Pese al prejuicio de encontrarnos con solo un versificador y artífice métrico, habría que preguntarnos como lo ha hecho Hernán Bravo Varela: ¿por qué, visto desde afuera, un poeta del medio siglo heredero de las vanguardias, regresaría a atarse con formas ya probadas? Aunque sin duda es un gran cultivador de ellas, Bonifaz Nuño no es un neoclásico que busca instaurar el reino perdido del metro, la consumación de una visión mestiza o de la arcadia barroca novohispana como han sugerido algunos de sus lectores. Por el contrario, su búsqueda por el origen, en lugar de ser un avance retrógrado, es una forma destilada de la vanguardia. Es tan cercano a Deniz, a Vallejo, a Neruda y Mistral como a Virgilio o Nanahuatzin. No hemos querido advertir que Bonifaz Nuño es en realidad una especie de poeta protodecolonial: su búsqueda por el origen es una forma de emancipación. Queda más claro en el último Bonifaz Nuño, el menos visitado de todos, cuando al presentar el Seminario de Estudios Prehispánicos para la Descolonización de México, menciona claramente: “Los mexicanos […] nos seguimos sintiendo solidarios de aquellos indígenas. Se nos dice ahora que en ellos está nuestra raíz, pero eso es solo parte de la verdad; esta es que los hombres del México prehispánico no son únicamente la raíz, sino el elemento esencial de lo que somos. Seguimos siendo ellos, seguimos siendo indios, como los extranjeros nos llamaron.” Y luego continúa: “Efecto de nuestra falsa conciencia de conquistados y colonizados es el hecho de que, casi sistemáticamente, hemos permitido que este mundo nuestro primordial haya sido estudiado y definido por extranjeros. En la mayor parte de los casos no hemos hecho sino repetir lo afirmado por ellos, teniéndolo por verdad sin siquiera someterlo a análisis y juicio.” Ideas expresadas tanto en su poesía como en sus ensayos.

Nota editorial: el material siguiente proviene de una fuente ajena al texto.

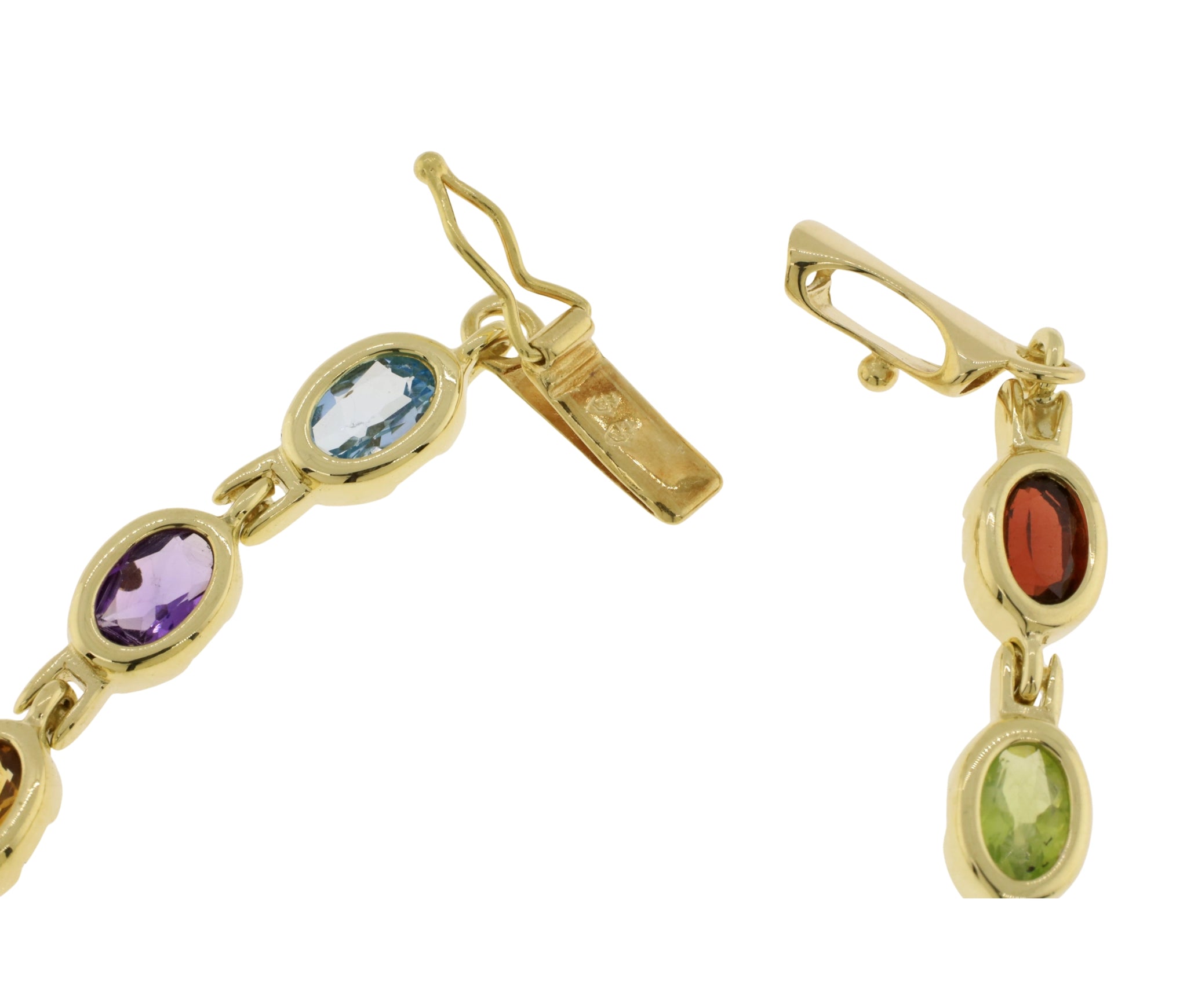 14K yellow gold bezel set multi gemstone link bracelet with 3 oval blue topazes weighing 1.17 cttw., 3 oval garnets weighing 1.23 cttw., 3 oval amethysts weighing 0.87 cttw., 3 oval peridots weighing 1.02 cttw. & 3 oval citrines weighing 0.84 cttw.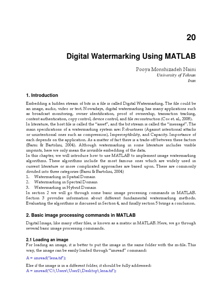InTech-Digital Watermarking Using Matlab | PDF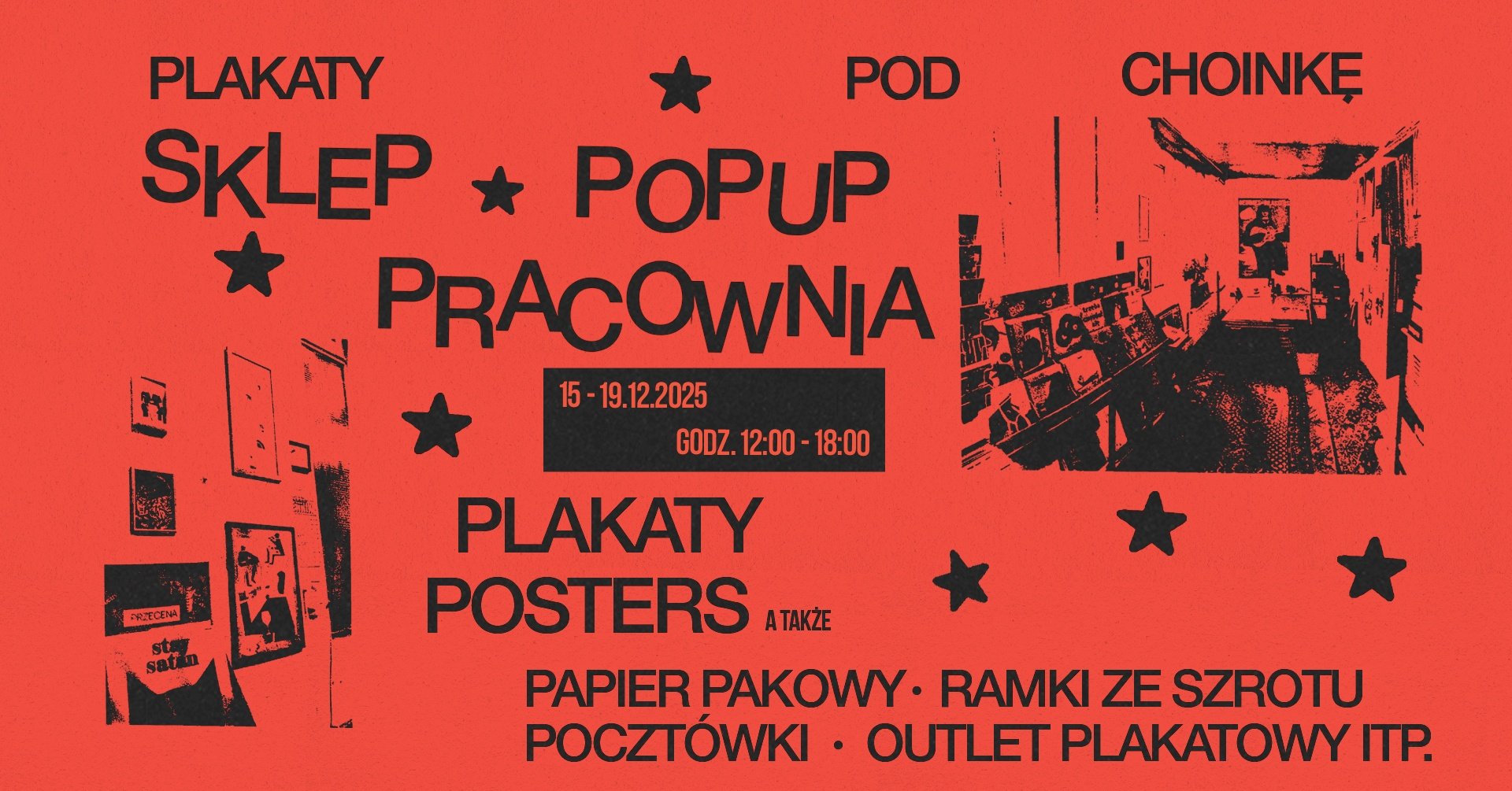 Zapraszamy do pracowni plakatu, gdzie w dniach 15–19 grudnia możesz zdobyć autorskie plakaty z pierwszej ręki – idealne na prezent dla bliskiej osoby lub dla siebie.

Bajo esta perspectiva es que cobran un sentido distinto otros aspectos de su obra que parecen soterrados. Por ejemplo: entiende que el habla popular, el sociolecto que intenta preservar, es la decantación del latín de Virgilio o Catulo. Dice en una entrevista con Marco Antonio Campos: “En Albur de amor adapté construcciones de Horacio, traducidas casi literalmente, para que sonaran de pelado mexicano. Si se trata de escribir como pelados, escribamos como los pelados latinos. En ese sentido Horacio y Catulo eran verdaderos pelados.” El proyecto de Rubén Bonifaz Nuño es el de contaminar el canon, llevarlo a lugares donde no suele mirar, crear una literatura subversiva, un anticlasicismo usando las armas de los clásicos. Su obra demuestra que se puede crear desde aquello que socialmente se desecha, aquello con lo que no suele construirse. Rubén Bonifaz Nuño es un albañil que sabe construir con cascajo.

Si quisiéramos seguir la génesis de este proyecto protodecolonial, tendríamos que acercarnos a tres libros que el autor publicara en la década de sus treinta años: Los demonios y los días (1956), El manto y la corona (1958) y Fuego de pobres (1961). Estos poemarios además de constituir un evidente cambio en la sensibilidad de la voz poética también son el desarrollo de un proyecto que aún no se alcanza a vislumbrar aunque el rumbo ya está trazado.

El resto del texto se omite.